I was there not too long ago, I don't really like much of what is in japan over what we have here. They all have sedans but nothing sporty that we don't already have here as an infinity or such.

It is good tho that the US and Japan are somewhat on the same page currently. We have most of those models already badged as infinities. The only thing that we still need is AWD. 

One thing I noticed is that paople here have been complaining about not having any well priced 2 doors, but it seems that Japan doesn't either. BTW, is the S15 silvia out of production?


----------



## niky (Jul 20, 2002)

Hehe... notice they still sell the B13? (Sunny)? and the B15 (Sylphy) still has the SR20DE (damn!!! still not in my country!!! we have the same body style, but not the DAMN ENGINE!)

us B14s get no respect... dropped completely...  ...but still, the B13 *is* a great chassis for an old car... i'm moderately surprised they're still available there and not here. Toyota sells OLD MODEL corollas here (for taxis) like pancakes!

ohh, and see the Serena? we have the 2.0 version here... it's an SR. I'm anxiously awaiting the first few wrecks to build up my spare parts bin.   

hmph... poor silvia, it appears so.


----------



## Katana200sx (May 13, 2002)

they did drop the s chassis from production bc of some emissions issues from what i heard.


----------



## SkylineGTR (Apr 30, 2002)

wow, I didn't know they had an english version.
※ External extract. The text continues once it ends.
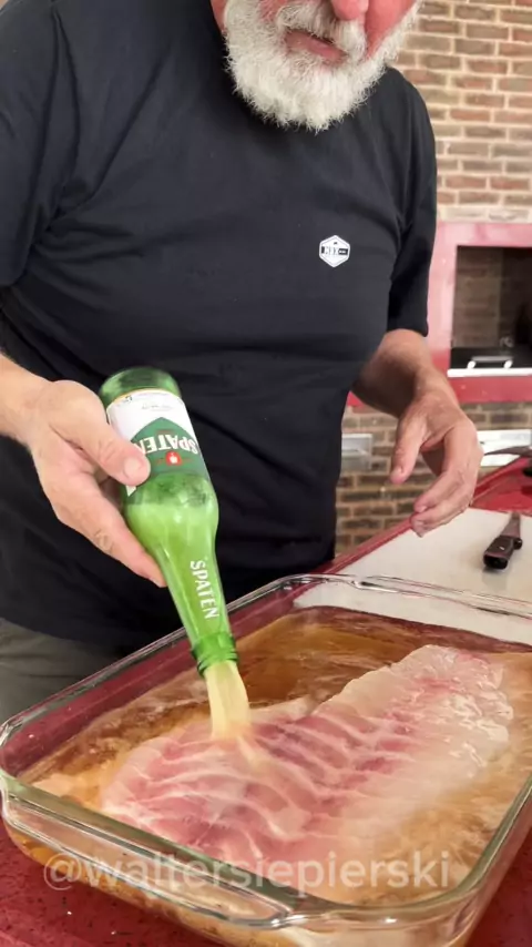 Filé de peixe marinado na cerveja 🐟🍺🧅🍅🌿🌶️🫑🦪🦀🍴 . . #spaten #receitacomcerveja #receita #peixemarinadocomcerveja #waltersiepierski

Me and my dumb self, I've just been trying to make my way through the japanese site.


----------



## niky (Jul 20, 2002)

darn, no B16 info... ? 

emissions issues? in japan? they're still using the SR20 in their product line... what emissions issues *couldn't* they solve with it? and why not put out the silvia with the SR20VE instead?


----------



## UpChuck (Jul 20, 2002)

Shawnsilverb14 said:


> *I'd rock the "Cube" *


Its the best looking car that we dont get.


----------



## nastynissan (Jan 26, 2003)

Love The CUBE..... I see lots of fun happenin' with one of those...


----------



## barnoun (May 7, 2002)

SkylineGTR said:


> *wow, I didn't know they had an english version. Me and my dumb self, I've just been trying to make my way through the japanese site. *


----------



## Kalel (Jun 26, 2003)

I love the navigation system


----------



## ForsakenRX7 (Mar 14, 2003)

I'd pimp a Stagea. Theres one in one of my mags somewhere that has an RB26Dett cramed into it. Now THATS a grocery getter.


----------



## Kalel (Jun 26, 2003)

i read somewhere online that the new sentra is going to resemble the renault car or that renault is making the sentra for the nissan im not sure i read it like a month ago does anyone know somthing about this........?


----------



## Felonious Cat Stalker (May 1, 2002)

You know, there isn't alot on that site that is really that great. I think the 90s were when Nissan made their best cars, not that I have a bias.


----------



## ForsakenRX7 (Mar 14, 2003)

fcsmotorsports said:


> *You know, there isn't alot on that site that is really that great. I think the 90s were when Nissan made their best cars, not that I have a bias. *


I think the 90s was when a lot of car companies made their best cars.


----------



## johnebp (May 8, 2003)

i'm trying to be non-biased, as a z owner and all... but i think the 350z (fairlady) is the best in that lineup.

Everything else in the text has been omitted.